Did he really just rhyme “Pasadena” with “deux ex machina” ? And the fat guy playing sax didn’t walk over and hit him on the head?
@DrJ Maybe it’s the sax throughout or the subject matter, but I keep thinking of Bruce S and expecting Mr Furman to sing “… tramps like us, baby, we were born to run”.
if it’s any consolation, Day Of The Dog is good. PMP is better though!
Not quite getting in to the new one yet.
Thanks. I was hoping that was the case.
Ah, the perils of present receiving. “Mum, there’s a very nice dark green sweater in M&S, here’s a photograph, size large please”.
“That’s a very nice sweater, Mum. Yellow is my favourite colour and , yes, small is perfect”.
If we are being very honest here, aren’t most presents (even from your loved ones) usually just the wrong side of right? When they get it right it’s fantastic but more often or not it’s ever-so-slightly gritted teeth time?
Of course this doesn’t work the other way. The smiles of the people I gift to are real….
Of course what we really want is something so personal that we never even know that we wanted it, something which shows our loved ones see deep inside us and can intuit what would make us happy. Failing that, something we know that we want and are thrilled to discover they knew we wanted too. What we often end up with is something which makes us think, ‘Have you ever even met me? Why on earth would you think I wanted this?’
Oh good, it’s not just me.
A few years ago my wife bought me Tour de France soundtracks on vinyl. It was so unexpectedly spot-on, I still can’t quite get my head around it.

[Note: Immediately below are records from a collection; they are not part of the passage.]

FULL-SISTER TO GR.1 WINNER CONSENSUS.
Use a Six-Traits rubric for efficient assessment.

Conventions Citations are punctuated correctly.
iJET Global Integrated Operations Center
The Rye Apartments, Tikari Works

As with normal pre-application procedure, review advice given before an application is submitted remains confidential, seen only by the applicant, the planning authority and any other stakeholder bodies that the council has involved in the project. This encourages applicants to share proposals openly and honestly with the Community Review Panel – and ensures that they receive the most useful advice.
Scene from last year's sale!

Must have caught sight of your peloton.
I think is the clacking of the cleats that gave it away.*
*I’m struggling with cycling innuendoes
….something about a pump? Problems with your saddle?

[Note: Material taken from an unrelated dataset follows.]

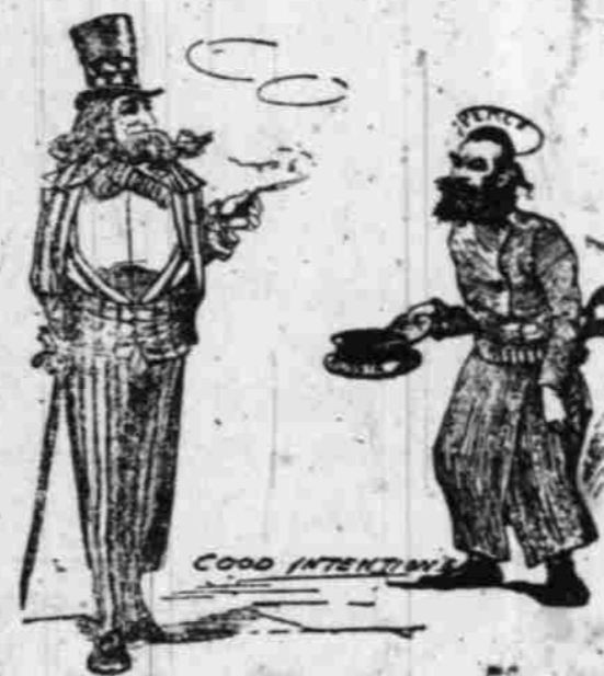
Uncle Sam to Filipino: "Do as I tell you, buy your furniture at A. T. BARNES' Furniture House."

One of the lines in “TDF” itself translates as “The bicycle is repaired quickly”. They missed a trick with the video, not getting Michael Palin to reprise his career-defining role as Bicycle Repair Man.
I would like to take the bicycle innuendos further or even up a gear, but alas I’m too tyred. Shame as I used to be a real dynamo in my youth.
Sorry spoke too soon.
Where’s Forks when you need him?
Oh well done. It’s like Bob Monkhouse has arrived.
This is why wish lists are so great. Never go off-list, people. Even if you think you’ve had a wonderful idea.
Can you ring up Comtesse Wrongness and have a word with her about lists. “Lists are just not right, I want you to get me something I didn’t know I wanted but is perfect.” No pressure then…
Christmas morning and yet another disappointed look of “How long have we been together?”
Lies women tell us.
“I don’t mind what you get me”
“I don’t ask for much”
“I’m just going to say ONE thing…”
“Size isn’t important”
Lies.
LIES!!
*twitches, polishes shotgun*
I’ve had way too many horrible jumpers etc. over the years to rely on some sort of knowledge or intuition on Mr B’s part, although he did come home with a Shaky LP for me recently after popping into a charity shop, so he’s not all bad.
Was it the one with “Oh Julie” on it?
That’s all of them, isn’t it?
Anyway, he just came home with a box of Ferrero Rocher for me. One with a yellow sticker and the word DISCOUNT in big letters. Ambassador, you are really spoiling us!
Discount choccies are a brilliant present. Why?
“Look at the date on them. I’m afraid I’ll have to eat the whole lot immediately”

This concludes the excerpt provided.